Logging complex, home-cooked meals doesn't have to be hard. Master the art of estimating with the Raw Ingredient Rule and the Palm Method.
One of the biggest hurdles in any fitness journey is the transition from tracking pre-packaged snacks to logging complex, home-cooked meals. Whether you are simmering a pot of Daal Mash in Lahore or preparing a fresh Greek Salad in London, homemade food presents a unique challenge: there is no barcode to scan.
However, accuracy is the foundation of progress. To help you master the CalorieFlow tracker, here is a step-by-step guide to estimating homemade meals like a pro.
The most accurate way to track a meal is to log ingredients in their raw state. Cooking methods can change the weight of food, but the caloric value of the raw ingredient remains the constant baseline.
• Protein: If you are making Chicken Tikka, log the weight of the raw chicken before it hits the grill.
• Grains: A cup of raw rice is vastly different from a cup of cooked rice. Always check the unit in the CalorieFlow database.
In many cultures, the most significant calorie source isn't the main ingredient; it’s the cooking medium.
• Oils and Fats: One tablespoon of vegetable oil or ghee adds roughly 120 calories. Divide the total oil used by the number of servings for an accurate count.
• Sauces and Dips: A side of Hummus or Moutabal can add 70–130 calories per serving. These small additions can be the difference between a deficit and maintenance.
If you don't have a food scale handy, use your hand as a universal measuring tool:
• Protein (Chicken/Beef): A portion the size of your palm is roughly 100–150g.
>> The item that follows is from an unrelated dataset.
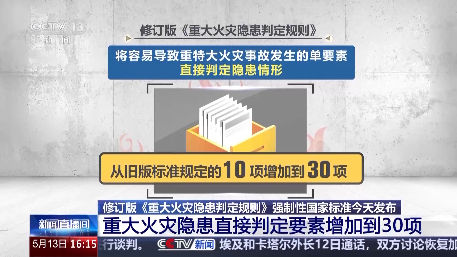 修訂版《重大火災隱患判定規則》強制性國家標準增加了重大火災隱患的直接判定要素,將容易導致重特大火災事故發生的單要素直接判定隱患情形,從舊版標準規定的10項增加到30項,並重點對公共娛樂場所、賓館、商場及集貿市場,兒童活動場所、老年人照料設施、醫院門診樓和病房樓,勞動密集型企業的廠房倉庫等人員密集的室內場所,以及易燃易爆危險品場所分別規定直接判定要素,更加簡便直觀。

• Carbs (Rice/Pasta): A portion the size of your cupped hand is about 1/2 cup.
• Fats (Oils/Butter): A portion the size of your thumb is roughly one tablespoon.
The CalorieFlow database is optimized with international keywords. Instead of searching for "Bread," try more specific terms like "Khoubz", "Pita", or "Makki ki Roti" to find the exact nutritional profile you need.
By teaching yourself to estimate more effectively, you are building the consistency needed for long-term results. Use these rules to move from guessing to knowing, and watch your progress accelerate.